9. For reasons stated above, I hold that part of the cause of action in this suit has arisen within the jurisdiction of this Court and this suit having been instituted after obtaining leave under Clause 12 of the Letters Patent this Court is competent in law to entertain the suit.

10. Mr. Ghosh has contended that leave granted should be revoked in the circumstances of this case. He argues that the balance of convenience is against the determination of this suit by this Court. The works were done in Punjab, most of the witnesses are expected to be from Punjab, so also most of the documents. There is much to be said in favour of this contention of Mr. Ghosh and if an application for revocation of leave was made immediately after the summons was served on the defendant, I might have revoked the leave, But no such application was made. The suit has been allowed to proceed uptil hearing and all steps including discovery and inspection of voluminous documents have been completed and the plaintiff has been made to incur heavy costs. It would not be proper to exercise discretion to revoke leave at this stage and compel the plaintiff to institute a suit in Punjab. It is important to note that the suit was instituted on March 15, 1951 and we are in the second half of 1959. Reference may be made on this point to the observation of the Supreme Court in the case of Chittaranjan v. Barhoo Mahto, : AIR1953SC472 , in which under similar circumstances their Lordships of the Supreme Court held that grave injustice would result if the Court was to hold that 'forum convenient' was not Calcutta but Bihar and to revoke the leave on that ground. In the circumstances of the instant case, I will not be justified in revoking the leave granted under Clause 12 of the Letters Patent to institute the suit in this Court. .

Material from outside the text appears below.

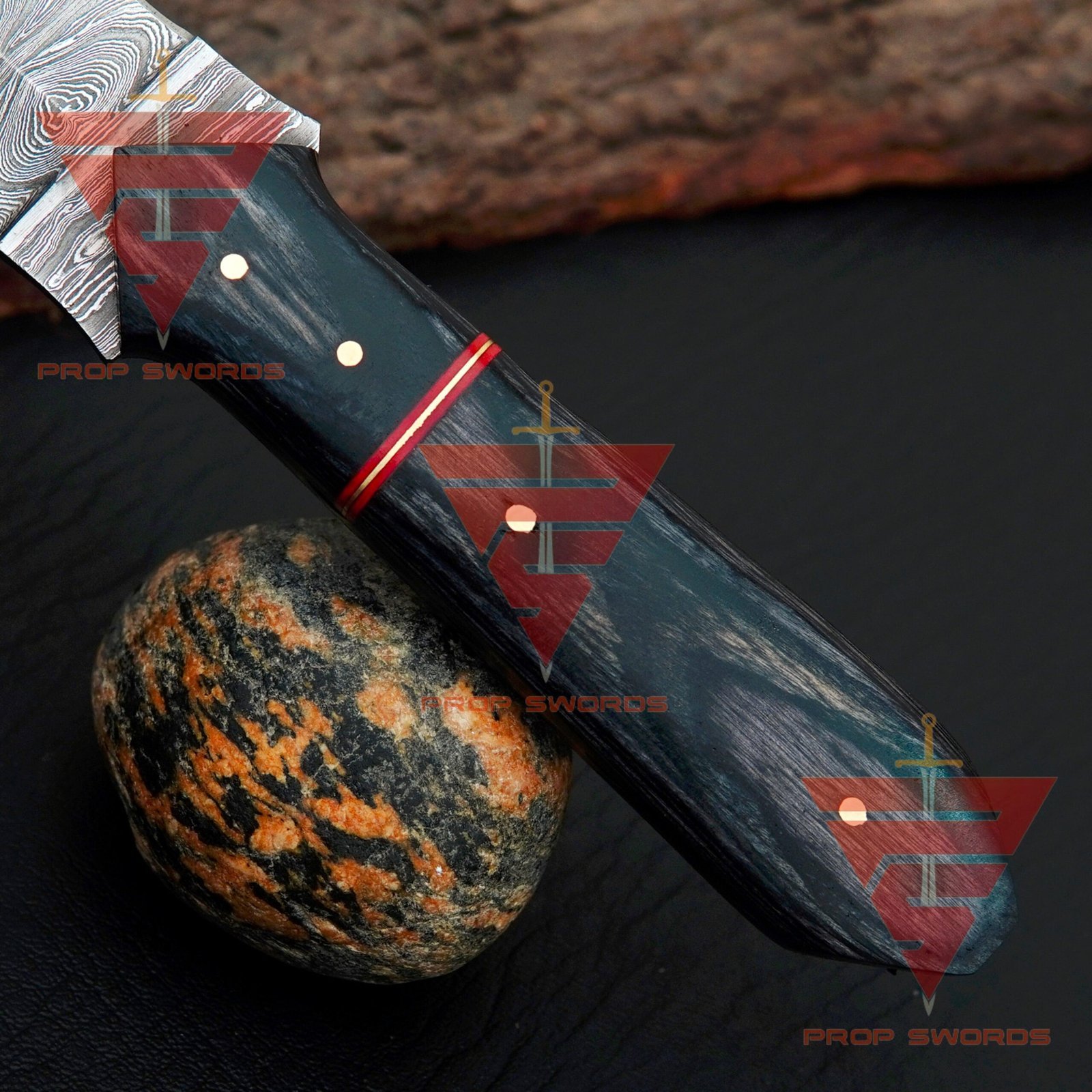 Indulge in the exquisite craftsmanship of our handmade Damascus knife, featuring a stunning handle crafted from luxurious rosewood This meticulously crafted knife is a perfect blend of beauty and functionality, boasting a combination of premium materials and exceptional attention to detail.

11. It should be noted that the case of revocation of leave has not been properly pleaded in paragraph 17 of the written statement which reads as follows:

'The defendant submits that inasmuch as no part of the cause of action arose within the jurisdiction of this Hon'ble Court, this suit cannot be tried by this Hon'ble Court and that the leave granted under Clause 12 of the Letters Patent should be revoked'.

The point taken is that no part of the cause of action having arisen within the jurisdiction of this Court, the plaintiff was not entitled to ask for leave under Clause 12 of the Letters Patent and that the Court had no power to grant it. It is on this basis that it has been prayed that the leave should be revoked. The Court is not asked to revoke leave on the ground that the Court had power to grant leave in the instant ease, but should not have grantee? it On the ground that the balance of convenience was against the suit being tried in this Court. On the present pleadings, Mr. Ghosh is not entitled to argue that leave should be revoked on the ground of balance of convenience. The leave granted, in any judgment, cannot be and ought not to be revoked.

12. In the result, I direct an enquiry as to theamount of the plaintiff's claim as made out in paragraphs 6, 7 and 8 of the plaint. Costs reserved.Certified for two Counsel. Let this Reference betreated as an urgent Reference. Let the decree bedrawn up expeditiously.